Okay you say; rabbits have it bad; bad deal, bad luck, bad situation; lots of ass-ripping meat-munching gut-clawing critters out to get the rabbit. Okay, I can deal with that—if I’m Bugs Freakin’ Bunny! I mean Bugs is smart, smarter than the dumbass with the shotgun. But me, I can’t even count the days. What’s worse is I have no arboreal skill set. You see that skanky piece-of-shit up there, gnawing on his acorn—yo you squirrel!—his thieving ass can at least climb. Shit, I couldn’t climb even if you strapped me into a harness.
It sure would be nice to fly too—but no, God hates rabbits. Let my ass rot on the ground while that ugly old crow flies around like he owns the park!
Check this out kid, I can’t even run that good. Sure, you figure with big-ass back legs like this I can jack rabbit all around. Well I’m no freakin’ jack-rabbit! I’m not a hare dude. Now a hare was designed to outrun foxes and shit. That’s Bugs Bunny. You see, the crime behind that misrepresentative cartoon is the disinformation it puts out to children in the form of equating a bunny with the athletic ability of a hare. Shit, I run fifty yards and I’m out of gas—time to hide—but I’m white!
Dude I’m not living long around here. I do not even have hands, not even claw-like approximations of an opposable thumb and dexterous digit arrangement. Now, I was just going to say that it sucks because I couldn’t wipe my ass. But that actually brings up the best part about being a rabbit. Look, it just comes out in solid pellets, like this one—oops six—that I laid on your yellow shirt right here, just like laying eggs, no fuss no muss.
Tamar was up shaking off his shirt.
That’s gross you mad little pooper!
The rabbit changed the subject, like Dad did when he got in trouble with Mom, Let’s go now. No time to waste dumbass.
Tamar was still afraid, Are you sure?
The rabbit looked up at him, swiveled his ears all around, and twitched his whiskers, All clear kid, let’s rock and roll.
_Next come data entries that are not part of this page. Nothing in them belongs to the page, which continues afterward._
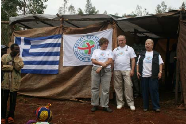
Πρόχειρο υπαίθριο ιατρείο στο Μπουρούντι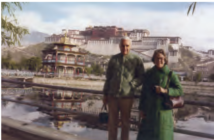
戴蒙德大夫夫妇在西藏刚刚对外开放时访问拉萨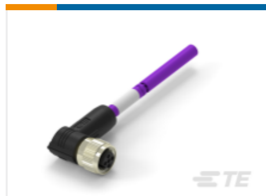
TE 产品编号TAB62435501-001 M12B2-FR-PUR-0.5M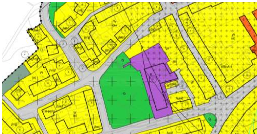
Figuur 6 | uitsnede vigerend bestemmingsplan Kom Domburg

In het bestemmingsplan is een groot deel van het plangebied aangeduid als Bedrijf (B). Voor deze bestemming gelden, voor zover relevant, de volgende regels: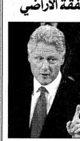
المحقق يبريء كلينتون وزوجته من صفقة الأراضي

واشنطن - رويترز: قال روبرت واي المحقق الأمريكي المستقل انه ليس هناك أدلة كافية لتوجيه اتهامات جنائية للرئيس الأمريكي بيل كلينتون وزوجته هيلاري فيما يتعلق بصفقة وايتواتر للأراضي في ولاية أركنسو.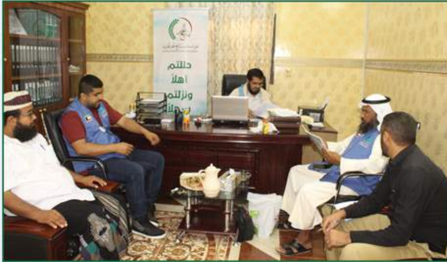
توقيع إتفاقية شريك منفذ لجمعية المنابر القرآنية - دولة الكويت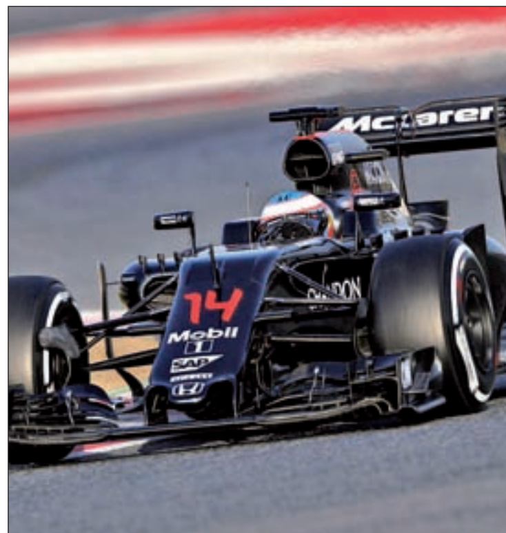
Alonso, durante un test de la pasada pretemporada

En el plano estrictamente deportivo, los representantes españoles han sido noticia en los últimos días por aspectos diferentes. Fernando Alonso ha confirmado que su monoplaça, el MP4-31, contará con importantes mejoras de cara a este Gran Premio de España, unas novedades que se centran sobre todo en el chasis: "Como siempre, la fiabilidad es la principal prioridad, pero espero que las mejoras en el chasis que vamos a probar el viernes nos ayuden a seguir empujando carrera a carrera y nos permitan seguir peleando arriba con nuestros rivales de la zona media", aseguró el asturiano. Eso sí, respecto a sus objetivos se muestra prudente, comenzando por las sesiones de clasificación del sábado 14: "Entrar en la Q3 no va a ser nada sencillo en este circuito, pero, con el apoyo de la afición española, ese tiene que ser nuestro objetivo". Sobre las claves que pueden defi-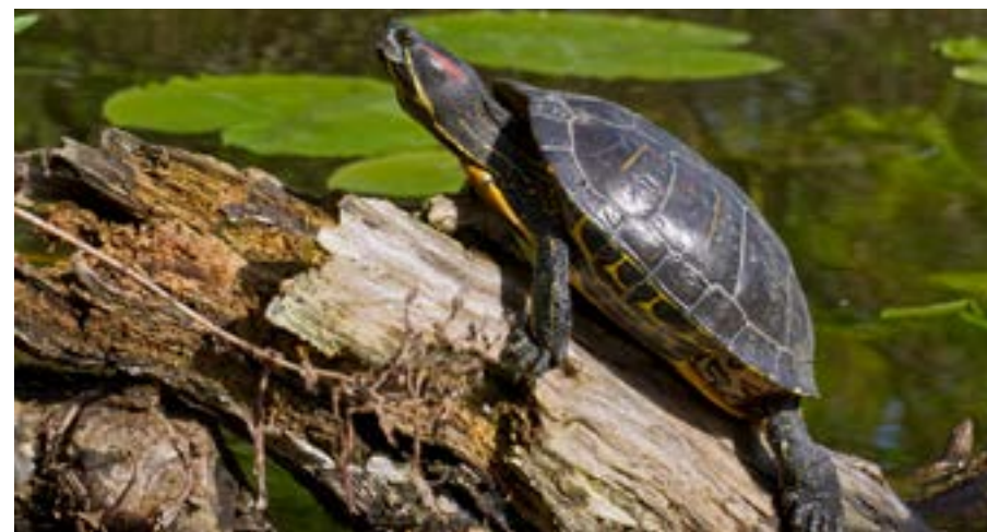
Rödörad vattensköldpadda ( Trachemys scripta elegans ).

Den är anpassningsbar och kan leva i både sjöar, dammar och vattendrag där den äter både vattenväxter och djur. Den kan förutom att äta upp inhemska skyddsvärda arter även sprida allvarliga djursjukdomar. Vissa sjukdomar som salmonella kan även spridas till människor. I Sverige kan den ännu inte reproducera sig ute i naturen, men med ett varmare klimat finns det en risk att detta kan ske i framtiden.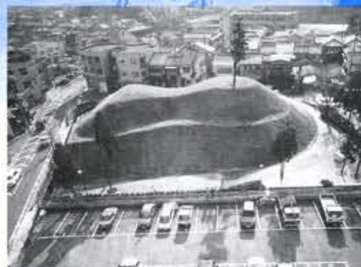
物集女町のNo.8物集女車塚古墳は、整備され車塚緑地として市民の憩いの場となりました。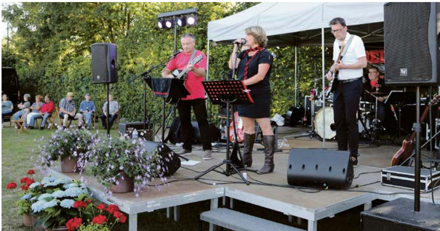
Auch in diesem Jahr richtet die Dorfgemeinschaft Vinnum wieder ein Summer Special aus.

Endlich wird der KITT-Brunnen wieder zu einem ganz besonderen Veranstaltungsort für ein Summer Special.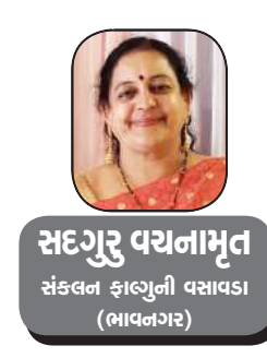
સદગુરુ વચનામૃત સંકલન ફાઉન્ડેશન વસાવકા (ભાવનગર)

શિવ વિશે વાત કરીએ તો શિવએ સમસ્ત વિદ્યાઓના જ્ઞાતા છે. જ્યોતિષ શાસ્ત્ર, યોગ શાસ્ત્ર, નૃત્યવિદ્યા, વ્યાકરણ વગેરેના પ્રવર્તક ભગવાન શિવ છે, વેદિક, પૌરાણીક, સાંસારીક કે શાસ્ત્રને લગતી તમામ બાબતોમાં શિવ તત્ત્વ જ વિદ્યમાન છે, અને શ્રેષ્ઠ ફળ આપનાર છે, આપણે સૌ જાણીએ છીએ કે પંચમહાભૂત માંથી બનેલા આ શરીરને બાહ્ય પ્રકૃતિમાં જે સ્થિત છે.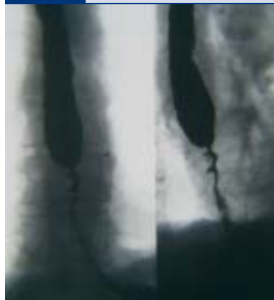
Abb. 2a Stenosierung des distalen Ösophagus bei Morbus Crohn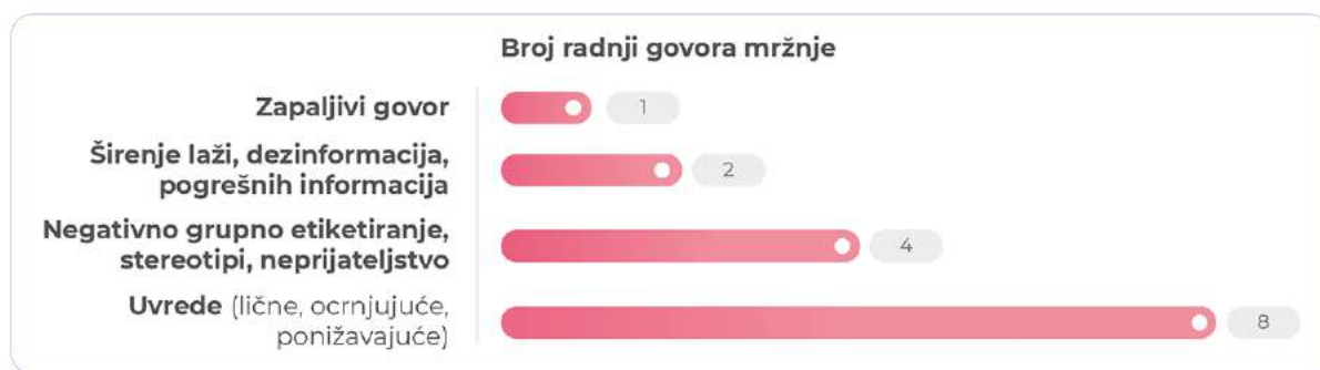
Grafikon 5: Broj radnji govora mržnje prema prijavljenim slučajevima

Značajan udio govora mržnje prema LGBTI osobama javlja se na internetu, naročito na društvenim mrežama. Ostavljanjem vakuma u pogledu govora mržnje na društvenim mrežama odobrava se jezik mržnje i poticanja na mržnju, što stvara plodno tlo za ovu vrstu radnji. U periodu monitoringa ovaj diskurs protiv LGBTI osoba promovisali su političari i internetski portali.

They were both running back the way Tamar and the Simpson Boys had come. Tamar saw his book-bag and went to pick it up and the rabbit admonished him, Dude, my fat ass is already gassed out. You’re going to need to carry me. Leave that. Besides, if they see your bag is gone they will head right for your house. Leave it here and they’ll keep looking for you.
Okay Mister Rabbit—or is it Joey? Do you want me to call you Joey?
I don’t give a shit kid. Just get me out of here.
Tamar snapped up Mister Joey Rabbit and sprinted up the path and out onto Beadle Street, and headed home at a fast walk as soon as they were out from underneath the looming trees of Stoner Park.
The rabbit, despite having just been liberated from an ecosystem seemingly designed to kill him, was still not apparently pleased, Hey kid, watch out for the groin. No copping a feel alright.